The Art of Scientific Research

This is a preparatory course for the main part of m1p.

Goals of the seminar

1. Gather tools and train skills to run a scientific research
2. Elaborate competencies of the scientific problem statement and reporting
3. Fit your research society, find a high-quality scientific advisor, and select an important problem to engage

Organizers' goals

1. Boost the performance of the MS thesis works, namely change the magical presentation of the machine learning models for the theoretical-based one
2. Persuade the scientific advisers to set complex and well-elaborated problems with high-quality planning

Outline of a seminar

1. Test (five open or closed questions) with a brief analysis
2. Theoretical part (15 minutes) and references to study
3. Practice and homework handout
4. Talks and discussion (20 minutes)

Coursework and talks

• Module 1: A formal description of a problem (project), a two-page text plus a two-slide talk
• Module 2: An error analysis, a plan of a computational experiment with model selection plus a talk

Homeworks

Since it is a preparatory course, the change of research subject for different HWs is welcome.

Module 1 

1. Select and read the reference paper 
2. Reconstruct its abstract 
3. Formulate highlights 
4. Collect a SOTA review
5. Extract the principles of the paper
6. Prepare the two-slide talk

Module 2

1. State the problem 
2. State statistical hypotheses
3. Construct algebraic structures  
4. Gather the theory 
5. Select a model
6. Plan the experiment 

The student's response-based syllabus

1. Step 0: We start
2. Prepare your tools
3. Check the foundations
4. How to measure impact
5. Describe your system
6. Write the abstract
7. Write the intro
8. Review the paper
9. Deliver a message
10. Your one-slide talk
11. Blind management game
12. List your ideas
13. List the foundations
14. Suggest an impactful theorem
15. Review for your topic
16. Good, bad, ugly: tell the difference
17. Tell about a scientific society
18. Reproducible computational experiment
19. Computer-supported brainstorming
20. Conferences and journals, reviews, and schedules
21. Writing a grant proposal

addendum

• Annotate and highlight (rules of annotation and highlighting applied)
• Write a review
• Boost a review by gathering your colleagues' efforts
• Make long and short lists of your ideas and solutions
• Select a topic from the list
• Find the data if you need something special, it takes time and efforts
• Structure of a thesis work and bureaucracy of thesis defense

The theory to discuss

1. Machine learning at one go
2. Linear models (and processes) with time (regression, SVD, PCA, NN)
3. Tensor indexing and decomposition, Tucker, HOSVD, TT (getting rid of time by constructing a state space)
4. Types of optimization (what is the gradient and Jacoby matrix)
5. Convolution and Fourier transform is a linear operator
6. Kernel methods and RKHS
7. Graph convolution, metric spaces (if possible)
8. Canonical correlation analysis and autoencoders
9. Bayesian inference and regularization, optimization
10. Model selection
11. Multimodeling (privilege, distilling, domain transfer)
12. Introduction to sampling and generative models

• Goals for the next year are CaТ, NODE, SDE, Diffusion, Riemannian, Tensors as tensors, Advanced calculus, Clifford algebra, Homology

Scoring

1. Tests at the beginning of a seminar
2. Talks at the end of a seminar
3. Downloads of the homework
4. The coursework

Weekly homework.
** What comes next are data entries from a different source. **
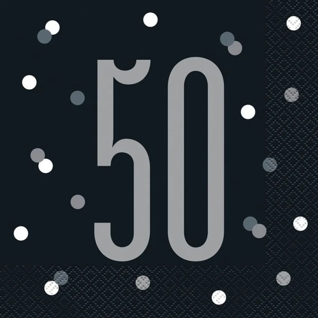 Unique 16 Servietten Schwarz & Silber Zahl 50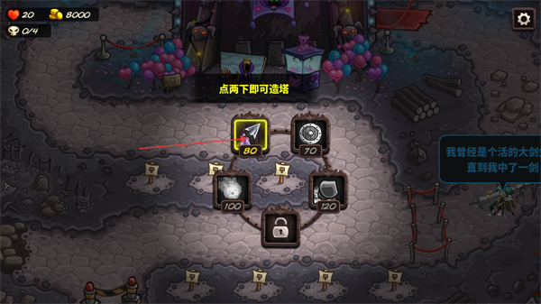 4、根據(jù)提示點(diǎn)兩下即可建造塔,在造塔界面選對(duì)應(yīng)塔型,點(diǎn)兩下即可完成該防御塔的建造以防御敵人。
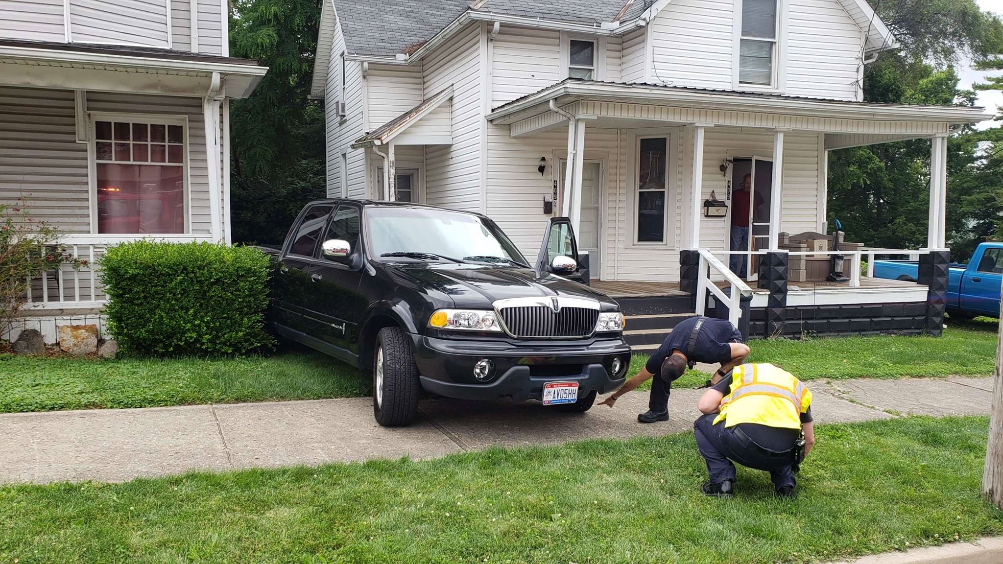 The vehicle continued down the incline, rolling backwards, north bound, on N. Court St. The driver of the vehicle was thrown to the roadway as the vehicle, quickly, spun around to final rest in the front yard(s) of 407/409 N. Court St. The front tires(s) of the vehicle ran over the driver causing serious injuries. The driver died at the scene.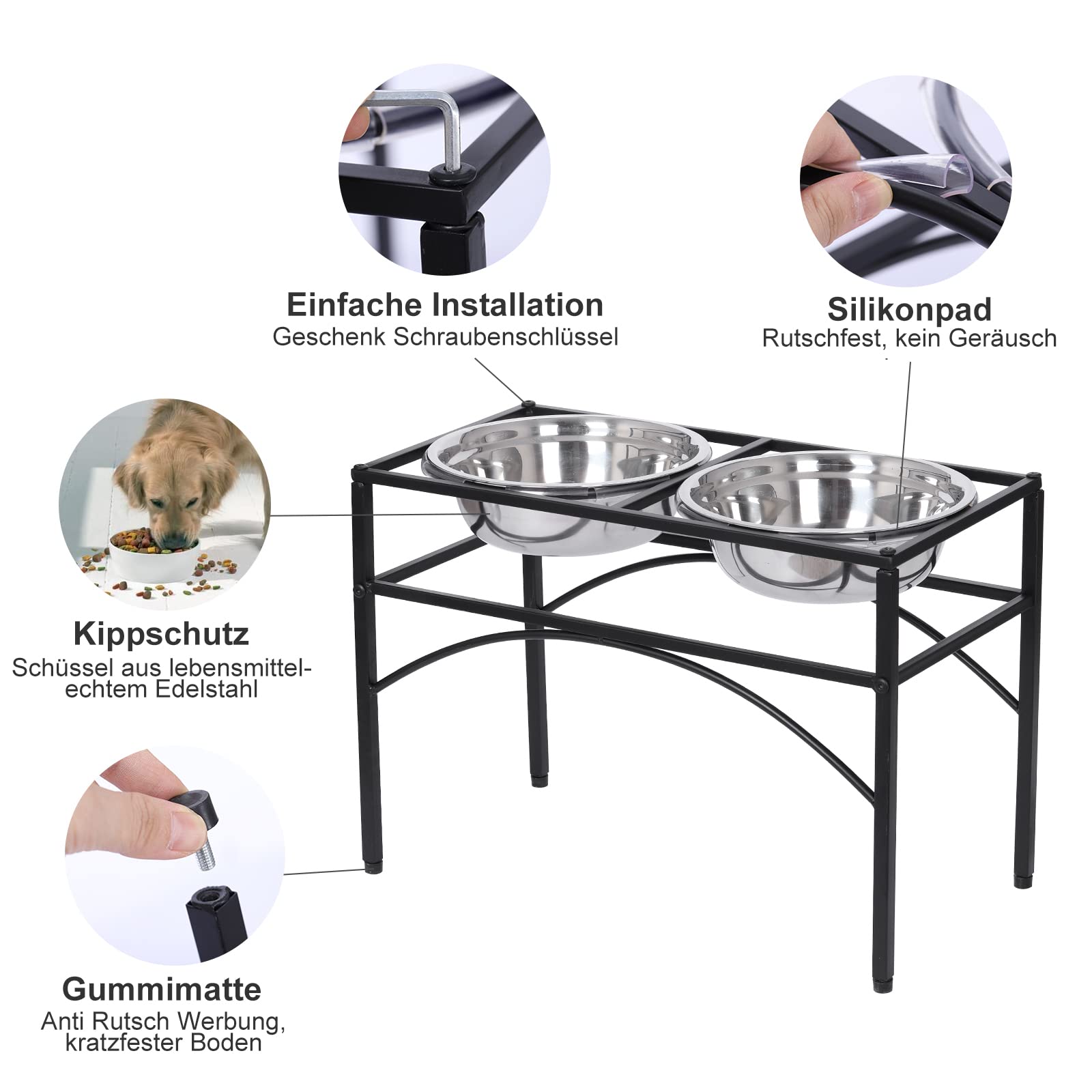 Schluss mit der Sauerei beim Füttern! Dieser superpraktische Napfständer von TEKEPL hält deine Böden sauber und gibt deinem Hund die perfekte Fressposition. Mit 2 hochwertigen Edelstahlnäpfen - einer für Futter, einer für Wasser. Die Näpfe sind abnehmbar und superleicht zu reinigen. Unter den Schalen sind Silikonmatten, die Geräusche reduzieren und Reibung verhindern. Die Anti-Rutsch-Füße schützen deine Böden vor Kratzern. Einfache Montage mit beiliegendem Sechskantschlüssel. Erhältlich in drei Größen: S (1250g), M (1750g), L (2500g) - bitte vorher die Größe deines Hundes checken! Perfekt für kleine bis große Hunde und sogar Katzen. Macht das Fressen für dein Haustier viel angenehmer und dein Zuhause sauberer!

All points are added up and scaled to [0,10]. Deadlines are strict. Normally there is no exam.

Student's risks

Despite m1p (it flourishes over years), this is a new course, so:

1. It might end abruptly, after one week, one month, or one module.
2. There will be no resources to check and review your texts.
3. Most likely there will be no possibilities to listen to all of your talks.
4. So feedback is limited.

Student prerequisites

Briefly: it is for 3rd year BS students.

1. Discrete Analysis and Set Theory
2. Calculus and Mathematical Analysis
3. Probability and Statistics
4. Algebra, Group theory is welcome
5. Functional Analysis is welcome
6. General Physics is highly welcome
7. Machile learning by C.P. Bishop is a must!

Main references

1. (long reading 2196 pages) Algebra, Topology, Differential Calculus, and Optimization Theory for Computer Science and Machine Learning by Jean Gallier and Jocelyn Quaintance, 2024. pdf, github
2. Geometric Deep Learning: Grids, Groups, Graphs, Geodesics, and Gauges by M.M. Bronstein, J. Bruna, T. Cohen, P. Veličković, 2021. arxiv
3. Deep Learning: Foundations and Concepts by C.M. Bishop, H. Bishop, 2024 version'06
4. Mathematics for Physicists: Introductory Concepts and Methods by A. Altland. J. von Delf, 2017 pdf
5. Mathematics for Machine Learning by M.P. Deisenroth, A.A. Faisal, C.S. Ong pdf
6. Python for Probability, Statistics, and Machine Learning by J. Unpingco, 2016 github

• Cath-up references are in the Week 0 of the main course

Dates

2024 on Sat 11:10 – 12:50 zoom | Sept 14 21 28 | Oct 5 12 19 || skip 26, 2 || Now 9 16 23 30 | Dec 7 14 |